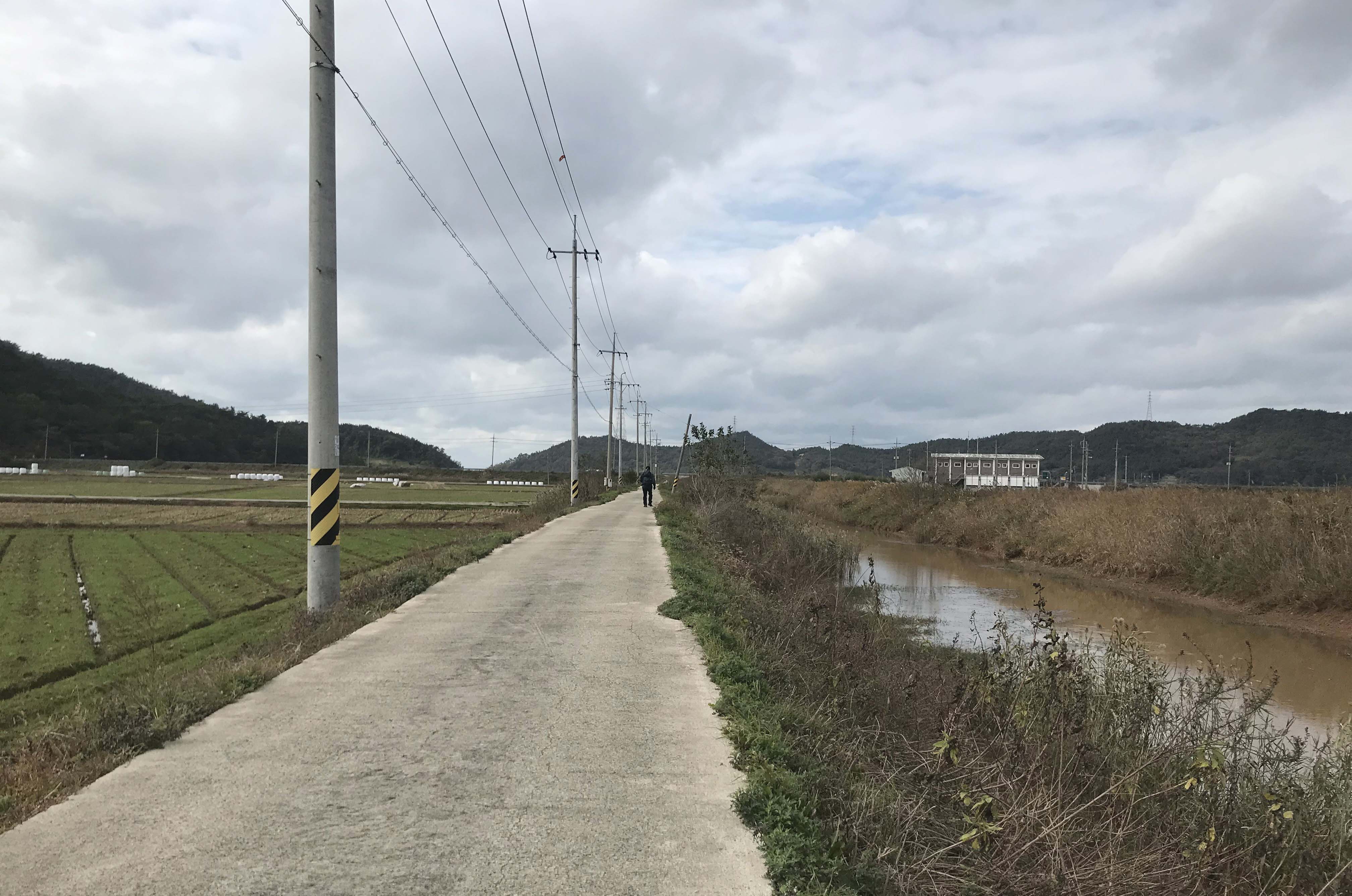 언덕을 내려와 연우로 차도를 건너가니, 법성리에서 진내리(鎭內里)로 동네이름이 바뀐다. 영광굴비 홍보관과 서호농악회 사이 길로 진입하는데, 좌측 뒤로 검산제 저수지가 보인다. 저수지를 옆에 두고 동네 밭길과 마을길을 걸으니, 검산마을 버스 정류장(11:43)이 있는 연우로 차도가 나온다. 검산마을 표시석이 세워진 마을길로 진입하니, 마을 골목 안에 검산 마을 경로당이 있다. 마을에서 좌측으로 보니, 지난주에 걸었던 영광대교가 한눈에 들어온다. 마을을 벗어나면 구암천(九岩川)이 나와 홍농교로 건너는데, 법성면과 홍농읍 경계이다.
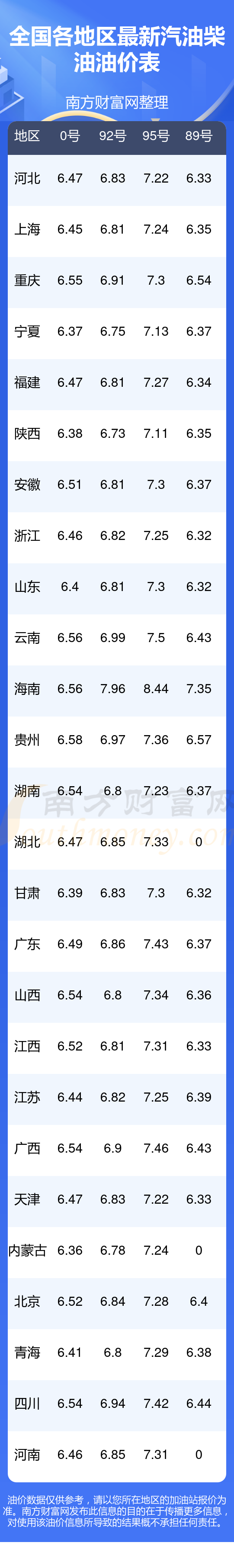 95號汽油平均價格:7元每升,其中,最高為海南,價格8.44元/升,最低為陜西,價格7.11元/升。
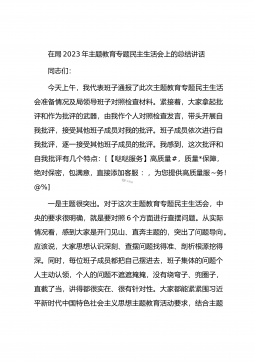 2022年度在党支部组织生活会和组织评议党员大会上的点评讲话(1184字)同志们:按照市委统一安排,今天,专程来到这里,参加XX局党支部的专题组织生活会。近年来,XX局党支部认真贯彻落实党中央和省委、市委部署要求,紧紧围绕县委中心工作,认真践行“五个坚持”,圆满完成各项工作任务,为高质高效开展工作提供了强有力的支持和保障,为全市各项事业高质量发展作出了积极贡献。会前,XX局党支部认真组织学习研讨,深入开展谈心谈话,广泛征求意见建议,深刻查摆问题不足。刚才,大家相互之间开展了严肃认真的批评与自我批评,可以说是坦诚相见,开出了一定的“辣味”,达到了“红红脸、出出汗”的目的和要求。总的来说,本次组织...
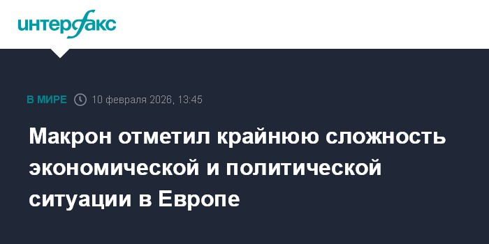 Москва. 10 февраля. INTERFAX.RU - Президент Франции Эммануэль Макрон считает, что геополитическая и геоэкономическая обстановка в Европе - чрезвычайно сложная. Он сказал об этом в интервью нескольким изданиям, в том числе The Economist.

········

> REQUIRED ACTION
Would you return the material above exactly, apart from its pictures?

> EXERCISE ANSWER
 언덕을 내려와 연우로 차도를 건너가니, 법성리에서 진내리(鎭內里)로 동네이름이 바뀐다. 영광굴비 홍보관과 서호농악회 사이 길로 진입하는데, 좌측 뒤로 검산제 저수지가 보인다. 저수지를 옆에 두고 동네 밭길과 마을길을 걸으니, 검산마을 버스 정류장(11:43)이 있는 연우로 차도가 나온다. 검산마을 표시석이 세워진 마을길로 진입하니, 마을 골목 안에 검산 마을 경로당이 있다. 마을에서 좌측으로 보니, 지난주에 걸었던 영광대교가 한눈에 들어온다. 마을을 벗어나면 구암천(九岩川)이 나와 홍농교로 건너는데, 법성면과 홍농읍 경계이다.
 95號汽油平均價格:7元每升,其中,最高為海南,價格8.44元/升,最低為陜西,價格7.11元/升。
 2022年度在党支部组织生活会和组织评议党员大会上的点评讲话(1184字)同志们:按照市委统一安排,今天,专程来到这里,参加XX局党支部的专题组织生活会。近年来,XX局党支部认真贯彻落实党中央和省委、市委部署要求,紧紧围绕县委中心工作,认真践行“五个坚持”,圆满完成各项工作任务,为高质高效开展工作提供了强有力的支持和保障,为全市各项事业高质量发展作出了积极贡献。会前,XX局党支部认真组织学习研讨,深入开展谈心谈话,广泛征求意见建议,深刻查摆问题不足。刚才,大家相互之间开展了严肃认真的批评与自我批评,可以说是坦诚相见,开出了一定的“辣味”,达到了“红红脸、出出汗”的目的和要求。总的来说,本次组织...
 Москва. 10 февраля. INTERFAX.RU - Президент Франции Эммануэль Макрон считает, что геополитическая и геоэкономическая обстановка в Европе - чрезвычайно сложная. Он сказал об этом в интервью нескольким изданиям, в том числе The Economist.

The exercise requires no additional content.